Vallone represents Auburndale, Bay Terrace, Bayside, Beechhurst, College Point, Douglaston, Flushing, Little Neck, Malba, and Whitestone and said he is “personally thrilled” that the Islanders will return to their roots in Nassau County, but added that the developers, the New York Arena Partners (NYAP), must take into account the impact on congestion and quality of life in Eastern Queens. NYAP is a development groups that includes Sterling Equities, the Scott Malkin Group, Madison Square Garden and the Oak View Group.

“Daily attendance levels are projected to reach between 60,000 and 100,000 visitors during peak periods — a substantial jump from the average 3,000 visitors,” Vallone said. “Without the proper forethought, this project could negatively affect quality of life for the thousands of my constituents who depend on the active road and railways surrounding Belmont Park to commute every day.”

The Islanders played at Nassau Coliseum in Uniondale from 1972 to 2015, but moved to Brooklyn’s Barclays Center before the 2015-2016 season. Nassau County voters rejected a proposal to use public funding to build an arena to replace the aging Coliseum.

But Brooklyn has not embraced the team, prompting the Islanders to split this season between the Barclays Center — which was not designed for hockey — and the Nassau Coliseum — which is in disrepair.

The timeshare has taken a toll on the team: Despite leading the Metropolitan Division, the Islanders remain dead last in the league in attendance. They have been in the bottom three of attendance each year since moving to Brooklyn.

Vallone is not the only Queens lawmaker placing public transportation preconditions on the Belmont Park Redevelopment Project.

State Sen. Leroy Comrie of St. Albans has called on the NYAP to make more concessions to the community and in January issued “five essential points” that developers must meet to earn his full support. Comrie specifically wants NYAP to pay for upgrades to the Belmont Park Station, which could cost $300 million, Gothamist reported.

Comrie said the project must hire minority and women-owned businesses and local vendors, conduct a traffic study in each community with streets leading to the site and expand the Cross Island Expressway.

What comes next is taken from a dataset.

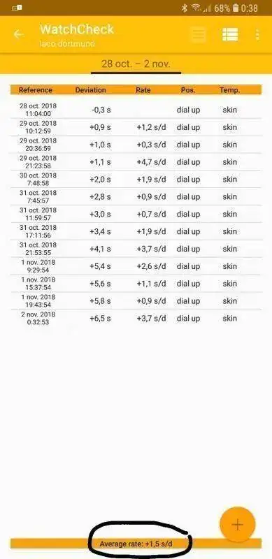 Después probé con la aplicación WatchCheck, también para Android, gratuita, que hace algo muy simple, pero efectivo: almacena registros (que realiza manualmente el propietario del reloj) cuando la aguja del segundero pasa por el cero y, comparando esas lecturas con las de sus relojes (NTP y GPS), obtiene la desviación media en segundos/día. El proceso es lento, pero seguro. Los posibles errores en la toma de los registros se minimizan al tomar numerosas muestras durante varios días y en las mismas condiciones. A mi reloj le ha salido un valor medio de +1,5 seg./día, lo cual creo que está bastante bien.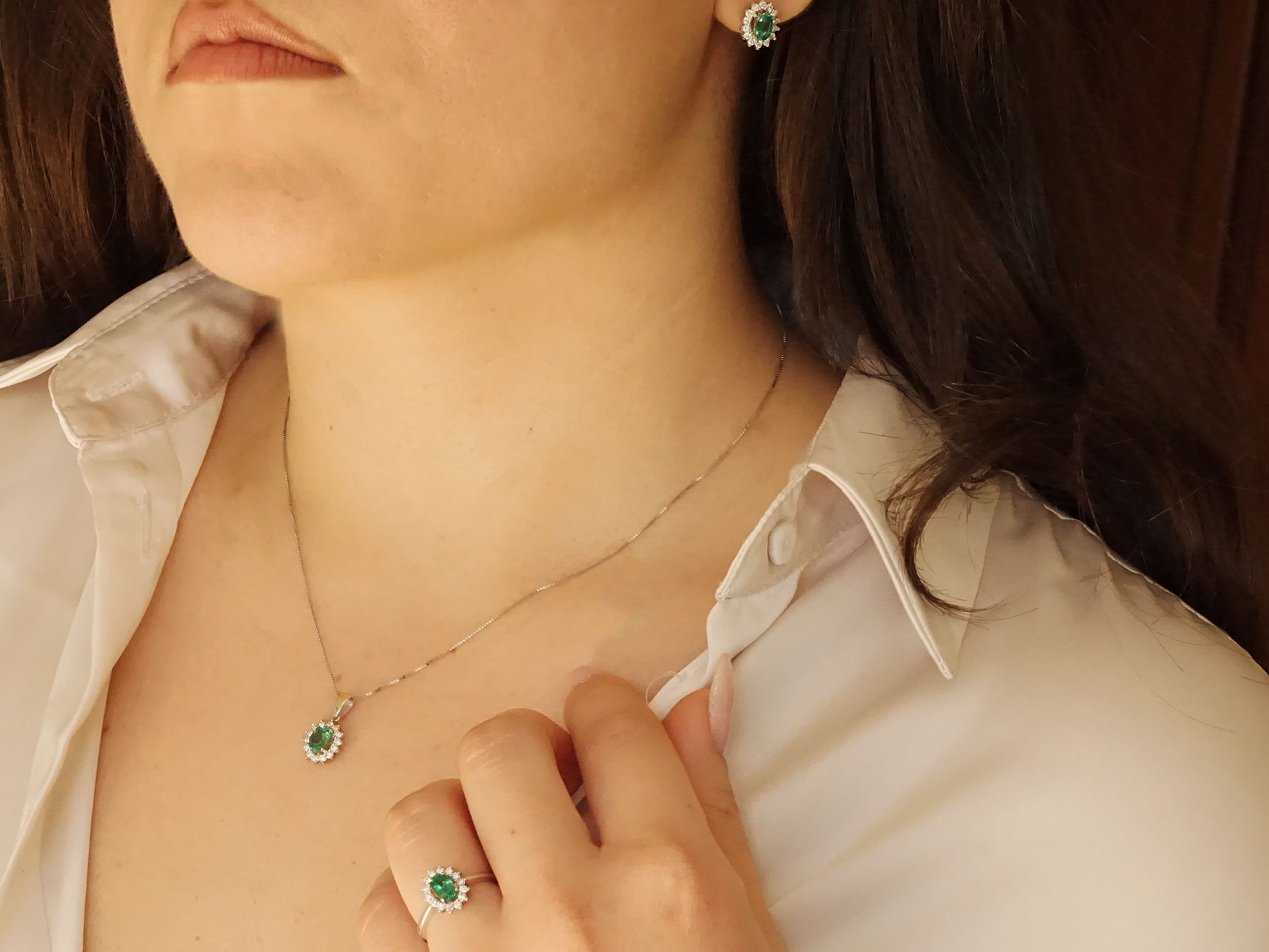 Μενταγιόν ροζέτα με πράσινη πέτρα και μπριγιάν, σε λευκόχρυσο 18 Καρατίων. Κοσμείται με έναν υπέροχο πράσινο γρανάτη στο κέντρο και με 14 λαμπερά διαμάντια round brilliant cut περιμετρικά. Το συνολικό μήκος του με τον κρίκο είναι 1,80 cm. Συνοδεύεται από λευκόχρυση βενετσιάνα αλυσίδα 18Κ. Συνδυάζεται μοναδικά με τα σκουλαρίκια και το δαχτυλίδι της ίδιας σειράς.

Last month, state Sen. Majority Leader Andrea Stewart-Cousins nominated state Comrie for a seat on the Public Authorities Control Board, which has the power to veto development projects. It is the same seat to which Stewart-Cousins first planned to nominate state Sen. Michael Gianaris, an Amazon opponent who would have had the power to veto the Amazon deal.

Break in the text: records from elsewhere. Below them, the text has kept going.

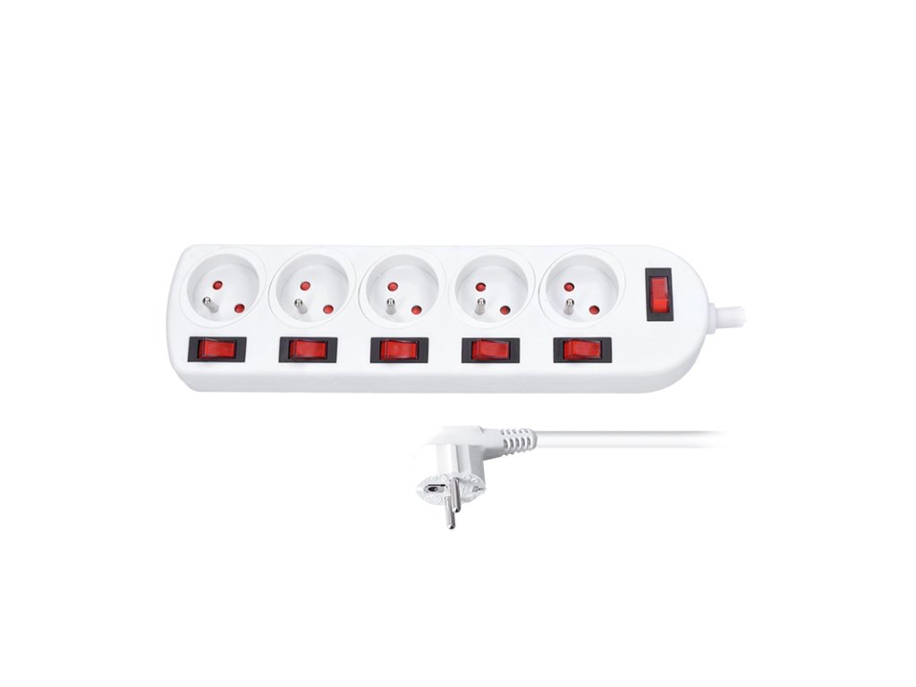 Každá zásuvka je vybavená detskou poistkou, ktorá zvyšuje bezpečnosť v domácnostiach s malými deťmi. Päť zásuviek poskytne dostatok flexibility pre kancelársku techniku, nabíjačky, lampy a pod. Praktické a elegantné riešenie s maximálnou kontrolou.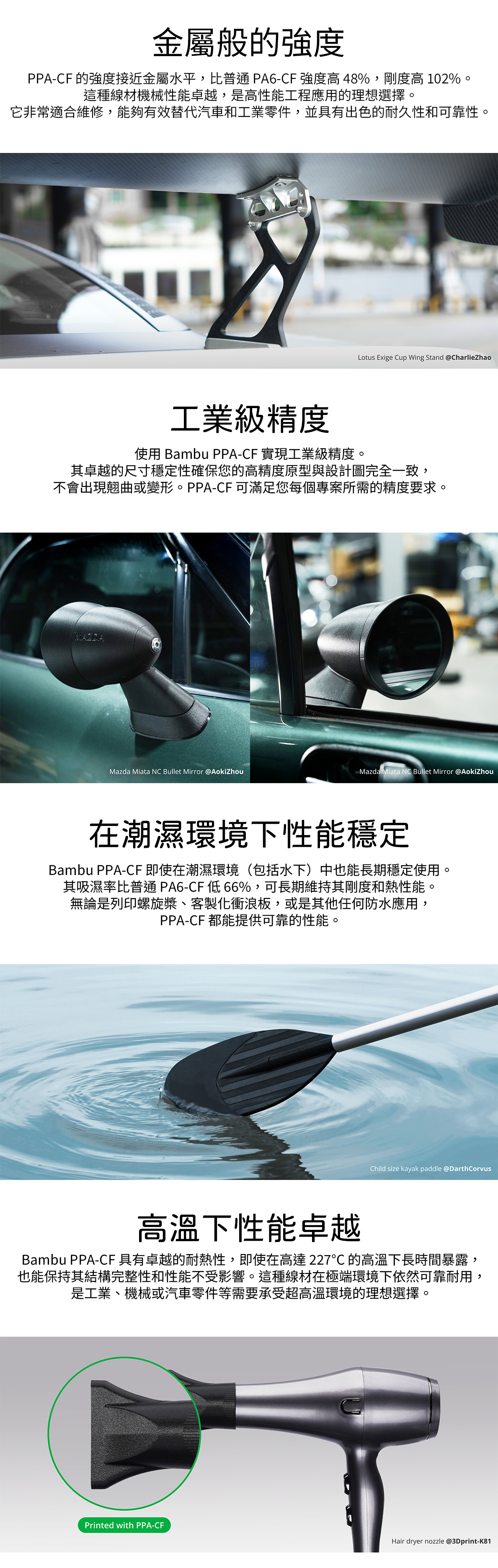 ⚠️注意:Bambu PPA CF 為高性能工程級碳纖線材,具備高強度、高剛性與耐熱特性(熱變形溫度約227℃),適合應用於承力結構件、汽車零件與治具,但因脆性較高,不建議用於需長期受衝擊或高韌性的零件;列印時需高溫環境(噴嘴280–310℃、熱床100–120℃),並建議使用硬化鋼噴嘴與PEI平台搭配膠水以降低翹曲,且材料吸濕性高,使用前務必進行烘料並於密封環境保存,列印風扇則建議低速或關閉以確保層間附著力。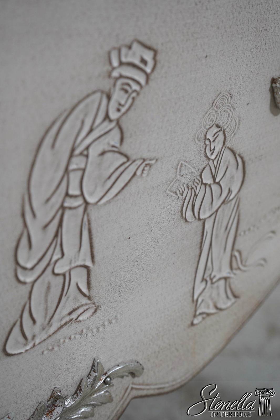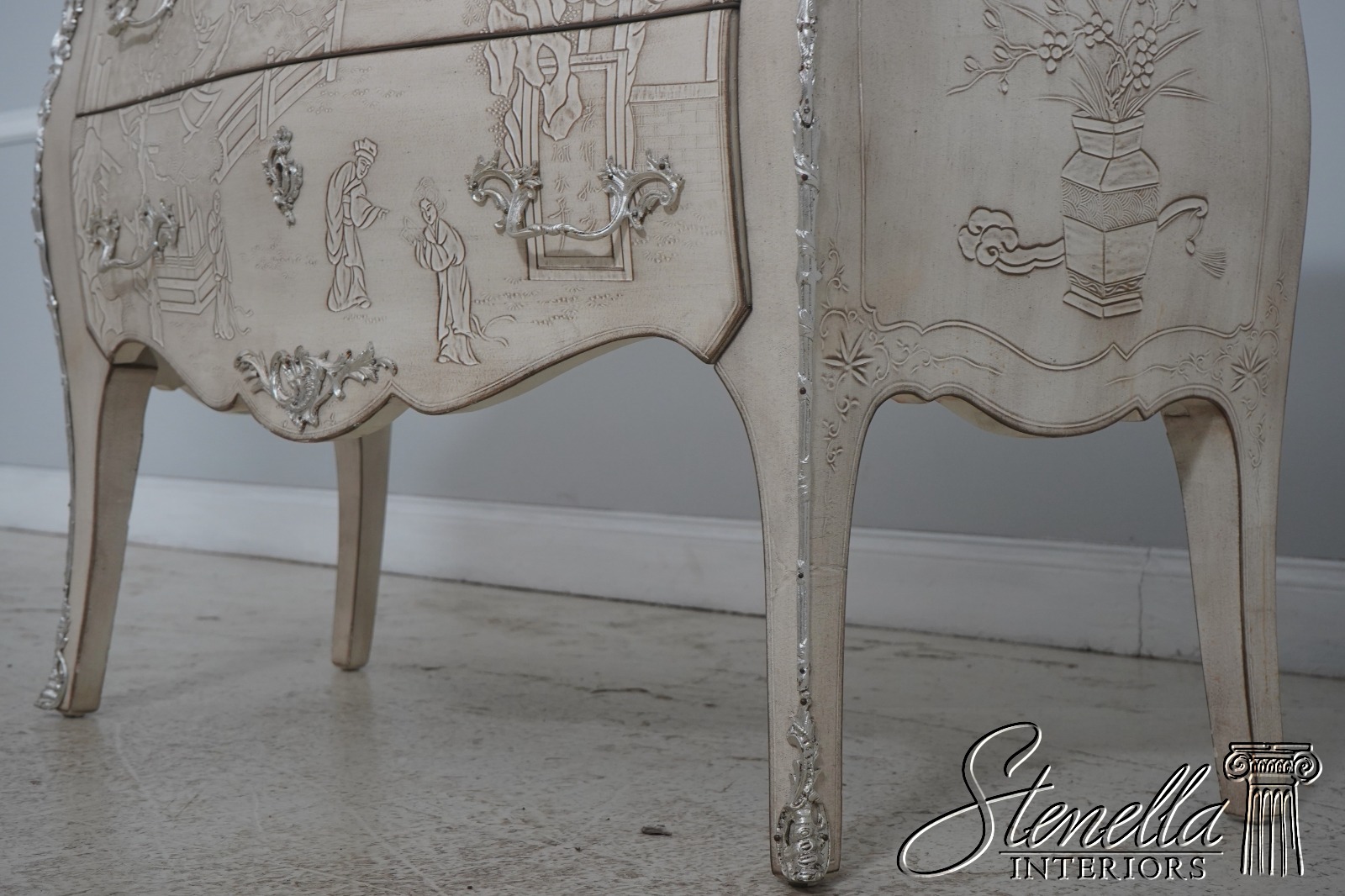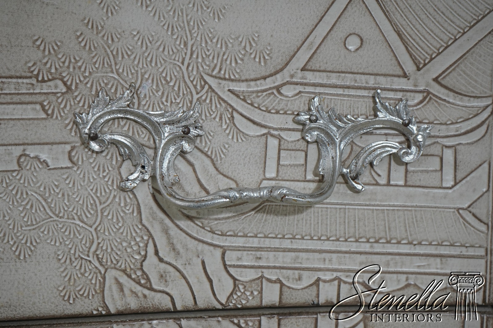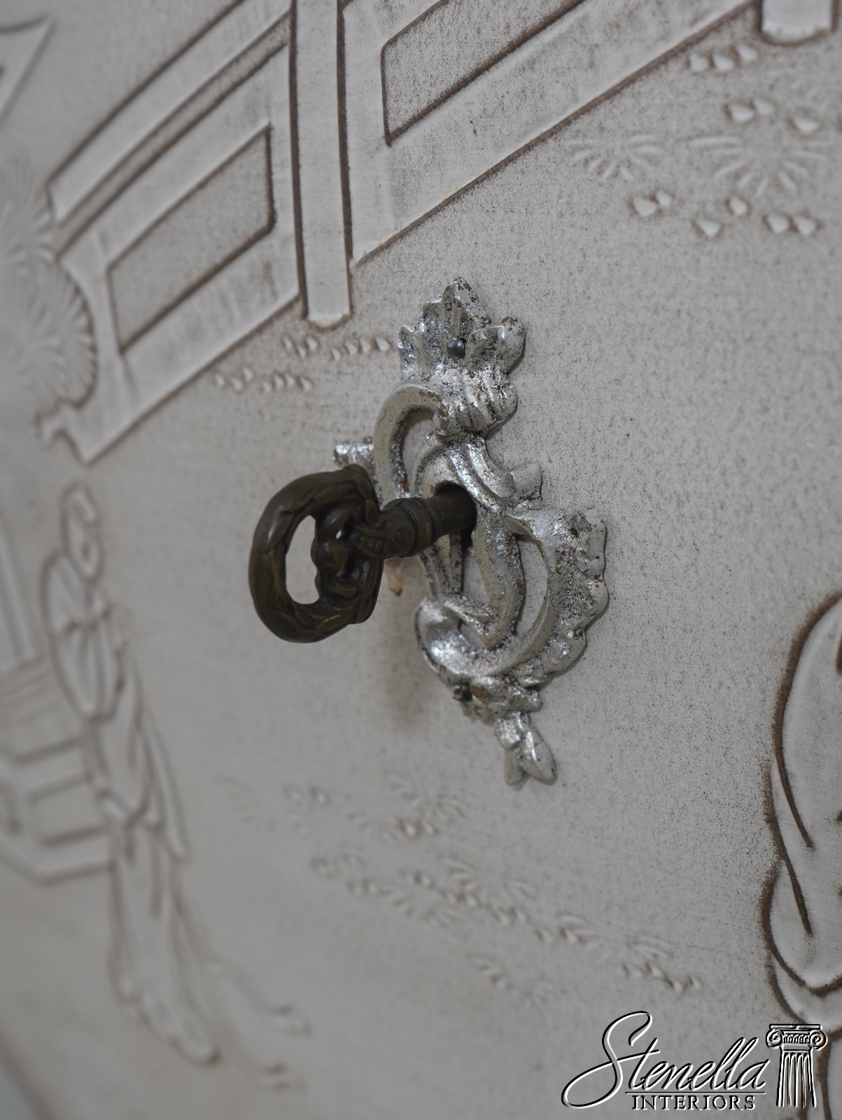 Details: Gorgeous Decorator Chest Nice Carved Details Quality Construction French Style Silver Finish Ormolu Mounts Stunning Chinoiserie Etched Carved Details Throughout Off White Painted Finish Un-Marked As To Manufacture

Comrie told that he is “not critical” of the plan, however.

I am hopeful there are some issues that can be resolved,” he said.

ESD spokesperson Jack Sterne told the Eagle that his agency will work with Vallone, Comrie and toher Queens leaders to address their concerns.

“The Belmont Project will generate millions in tax revenue for Nassau County and Elmont Schools every year, upgrade Elmont Road Park, create thousands of jobs, and bring The Islanders back to Long Island,” Sterne said. “In February, we reiterated the same timeline we’ve had since the beginning of this project, and we still anticipate final public approval in the second quarter of 2019. We have heard community concerns about transit and traffic loud and clear – and we continue to explore the possibility of a full-time train station at Belmont, in addition to traffic mitigation efforts. We look forward to continuing to work with Senator Comrie, Councilmember Vallone, their colleagues, community leaders, transportation agencies and local businesses to make this transformative project a success.”